Он пришел два года назад, и пришел потому, что безграничной уверенности в себе, которой все и определялось, был нанесен сильнейший удар: карточный домик рухнул. И хотя прошло с той поры всего два года, Век Джаза кажется теперь таким же далеким, как довоенные времена. Да и то сказать, ведь все это была жизнь взаймы - десятая часть общества, его сливки, вела существование беззаботное, как у герцогов, и ненадежное, как у хористок. Легко читать теперь мораль; однако как хорошо было, что наши двадцать лет пришлись на такой уверенный в себе и не знавший тревог период истории. Даже разорившись в прах, не надо было беспокоиться о деньгах - их всюду валялось великое множество. Их даже трудно было тратить; чуть ли не свидетелем душевной широты стало принять чье-нибудь приглашение в гости, если оно влекло за собой дорожные расходы. Дороже денег ценилось обаяние, репутация, да и просто хорошие манеры. Это было по-своему восхитительно, но вечные и необходимые человеческие потребности удовлетворялись уже далеко не так полно, как прежде. Писателю достаточно было написать один сносный роман или пьесу, и его уже объявляли гением; мелкая рыбешка чувствовала себя властелином морей - так в годы войны офицеры, примерившие погоны всего четыре месяца назад, командовали сотнями рядовых. На подмостках несколько не бог весть каких крупных звезд осуществляли постановки, о которых потом шумели все; и то же самое происходило везде, вплоть до политики, - должности, означавшие высшую власть и высшую ответственность, не могли привлечь толковых людей: власть и ответственность здесь были несопоставимо выше, чем в мире бизнеса, но платили-то всего пять-шесть тысяч в год.
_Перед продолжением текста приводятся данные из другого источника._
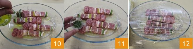 After about 6 hours, focus on marinating the skewers, as they require a shorter marinating time due to the presence of vegetables. Place the skewers in a baking dish and add the oil 10, salt, chopped rosemary 11, both ground and whole black pepper. Massage the skewers with your hands, cover with plastic wrap 12, and refrigerate to marinate for 2 hours.
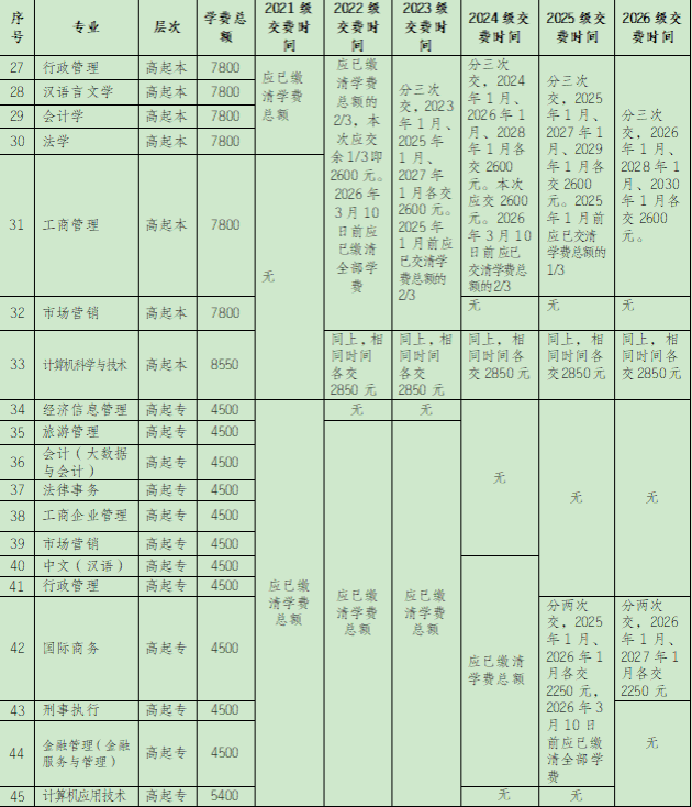 1.2026级学生:专升本、高起专层次学生应缴清学费总额的1/2,高起本学生应缴清学费总额的1/3。
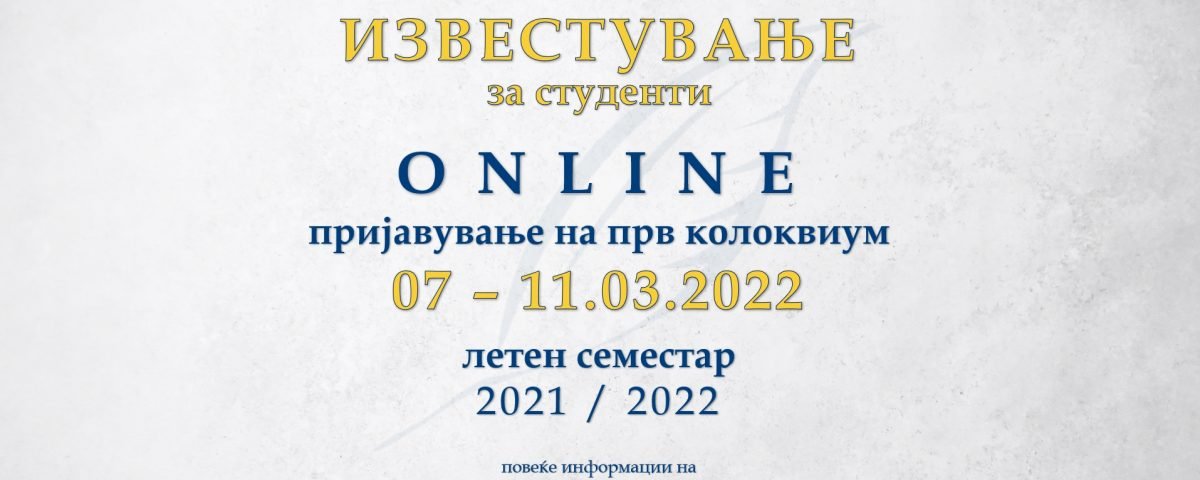 Пријавувањето на првиот колоквиум во летниот семестар од академската 2021/22 година ќе се врши on-line во периодот од 07.03 до 11.03.2022 година.
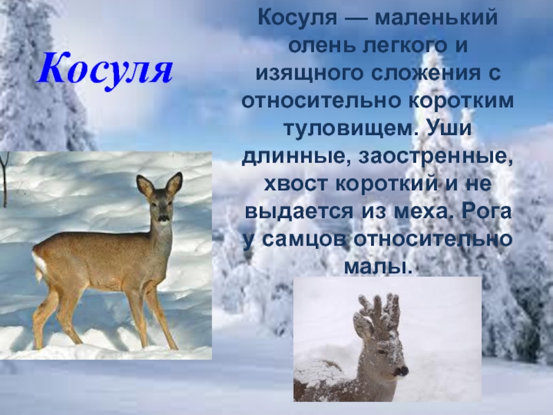 Косуля — маленький олень легкого и изящного сложения с относительно
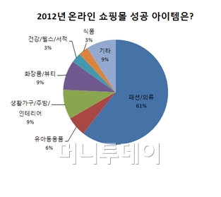 ㈜코리아센터닷컴(대표 김기록)이 자사 전자상거래 통합 솔루션 서비스인 ‘메이크샵’(www.makeshop.co.kr)을 이용하는 쇼핑몰 대표 192명을 대상으로 설문 조사한 결과, 올해 매출이 가장 상승할 것 같은 쇼핑몰 아이템은 패션/의류 분야가 61%로 압도적인 1위를 차지했다.

Теперь пояса вновь туго затянуты, и, оглядываясь на нашу растраченную юность, мы, естественно, изображаем на лицах подобающий ужас. Но нет-нет да послышится вновь приглушенная дробь барабанов, хриплые вздохи тромбонов, и тогда я переношусь назад, к началу 20-х годов, когда мы пили спирт и "с каждым днем нам становилось все лучше и лучше", когда впервые несмело стали подкорачивать юбки и девочки в облегающих платьях выглядели все одинаково и повсюду встречали тебя осточертевшей песенкой "Да, бананов нынче нет", и казалось, что пройдет всего год-другой, и старики уйдут наконец с дороги, предоставив вершить судьбы мира тем, кто видел вещи как они есть, - и нам, кто тогда был молод, все это видится в розовом, романтическом свете, потому что никогда нам уже не вернуть былую остроту восприятия жизни, которая нас окружает.